When it is fully snow-soaked, corduroy has the smell of rotten rutabaga. Unlike wet wool, which is an unbathed sheepdog.

Come snow days, my mother, always the pessimist, dressed me for an Arctic expedition. Giant rubber galoshes with buckles as big as the Tacony bridge. Three pairs of socks. Long underwear, the itchy kind with the window in the back. Those ratted corduroys, a red plaid flannel shirt and the heaviest sweater in the world, knit by 12 muscle-bound Irish women.

She topped it with the thickest overcoat this side of Newfoundland, knit gloves topped with puffy nylon mittens, a wool cap that covered my head down to my eyebrows, and a 74-foot scarf, wrapped around me like a blanket on a pig.

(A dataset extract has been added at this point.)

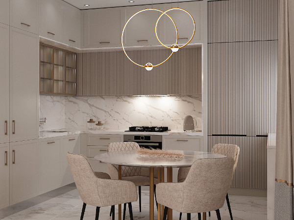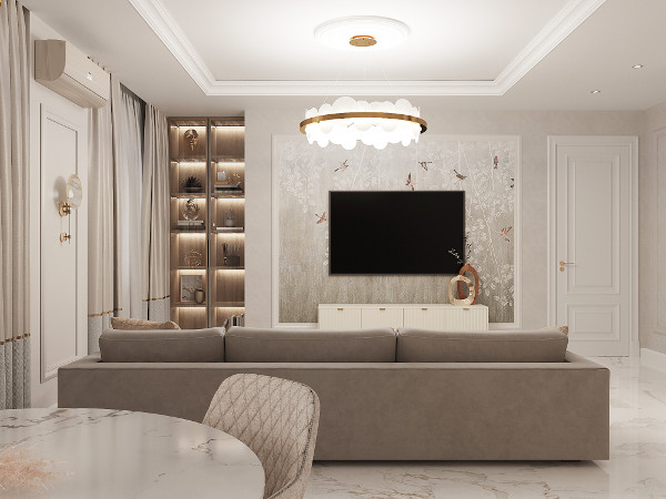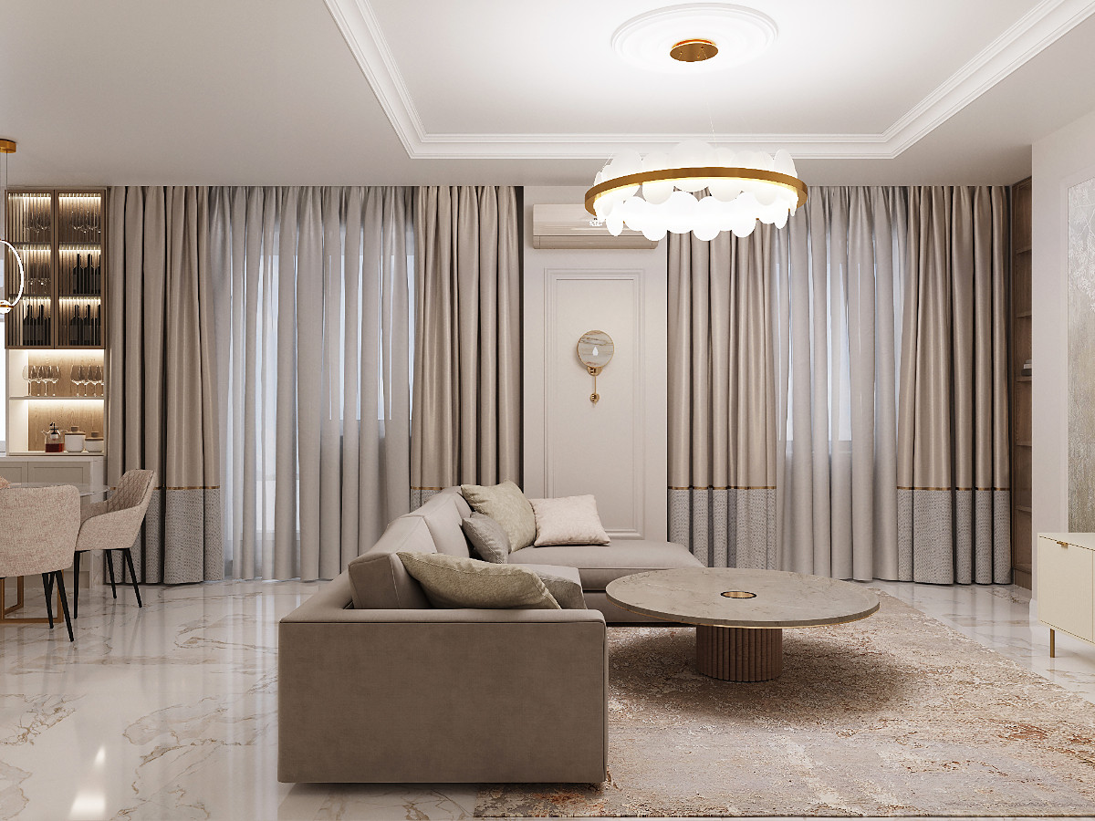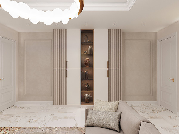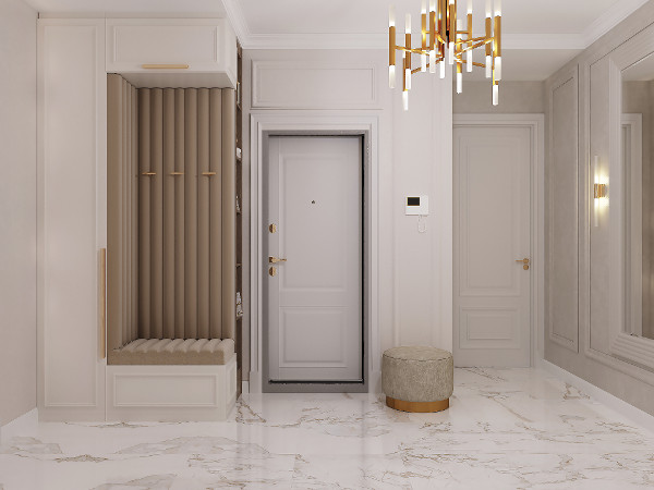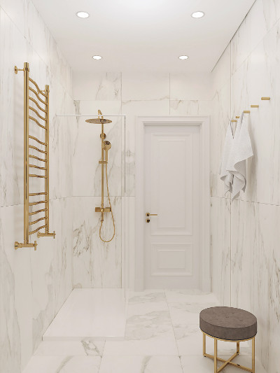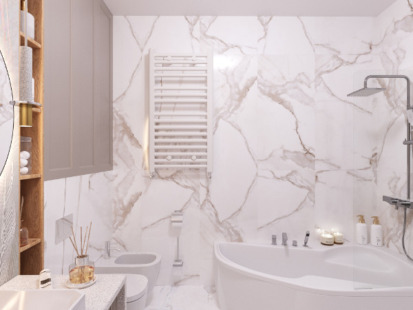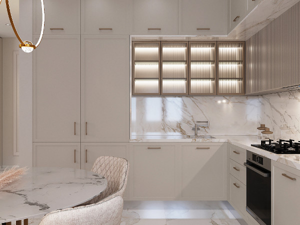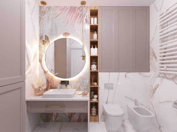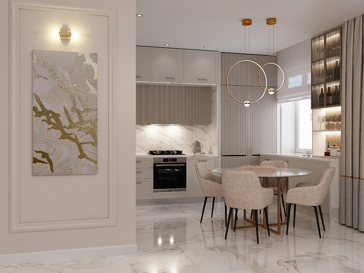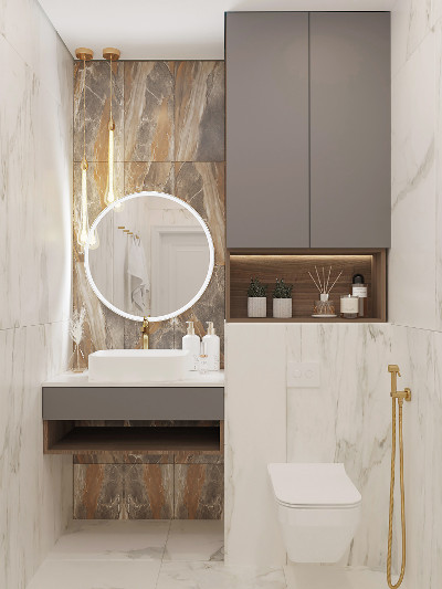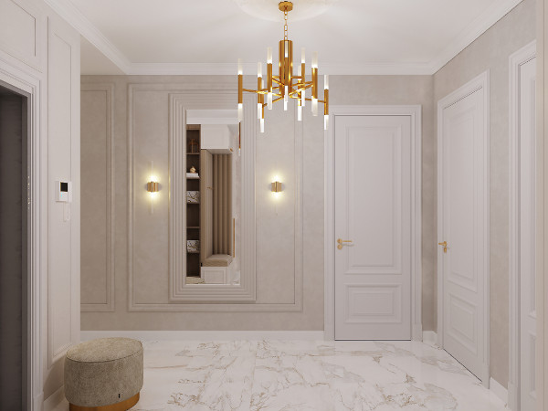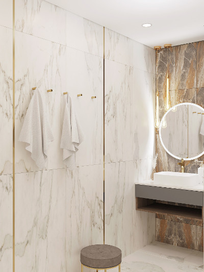 преимущественно пастельные тона. Кремово-песочный фон стен и шикарный мраморный

Before she would let me out, she pulled on that scarf like she was trying to win the Rotary Club tug-o-war.

“That’s too tight,” I squealed.

“You can’t go out with your neck exposed,” she said. “You’ll catch your death.”

She pulled it even tighter. I just knew that one day they would find me face down in the snow on Robbins Avenue.

“What’s wrong with him, officer?”

“Ah, his scarf was pulled too tight. He’s dead.”

“Oh, my lord, have you told his mother?”

“We’ll be going there now to arrest her.”

“Arrest her? For what?” “Scarf asphyxiation. First degree.”

The scarf cinched, my mother would throw all of her 5´2˝ frame against the silver screen door. The wind would fight back, not about to give in easily. You could hear the sound of morning icicles cracking as she broke the seal. And finally, on her 5th try, the wind would give in. Holding the door steady with her left hand, she would push me out into the elements with her right.

You could smell the silent snow falling. There was snow in my face, there were tiny little needles that whipped with the wind and stuck to my eyebrows and my eyelashes and tingled the powder on my cheeks. It was like liquid crystal.

I was 8 years old. The snow of this February blizzard, this snow that never ends, came up to the top of my kneecaps. Driving was impossible. Walking was an Olympic event. My friend Danny came out and we started throwing snowballs at each other.

“Your father has a bad back,” my mother yelled. “Watch for one of the neighborhood kids with a snow shovel. I’ll pay him a dollar to clean the steps and the sidewalk.”

A lightbulb went on. Wait a minute, I was a neighborhood kid. We had a snow shovel. A dollar could buy me 20 packs of baseball cards. Or 50 jawbreakers.

I was about to become an entrepreneur. I pulled up my galoshes and looked at Danny. He was a big, strong kid. He once lifted a baby carriage with one hand, which would have been a major feat if he hadn’t forgotten to take the baby out first.

I told my mother we would do our steps and sidewalk.

“It’s freezing out there. You’ll get sick. You’ll get the croup.”

“The croup? Only babies get the croup.”

“When did you become a doctor? Then pneumonia, you’ll get pneumonia, and we’ll have to take you to the hospital, and your father can’t drive in this weather. And you probably inherited your father’s bad back. No shoveling. No shoveling for you.”

Drats. “OK, I won’t shovel much. I’ll just help Danny. He’ll do all the hard work.”

“Ten minutes, that’s all, you can shovel for 10 minutes. But don’t take the good shovel. I don’t want you breaking the good shovel.” We have a good shovel? Really? Wow, people will think we’re rich.

Two hours and 10 minutes later, the steps and the walk were clear. And Danny and I were each 50 cents richer. I stuck the 2 quarters away in my pocket. A frozen smile came to my face. And visions of jawbreakers danced through my head.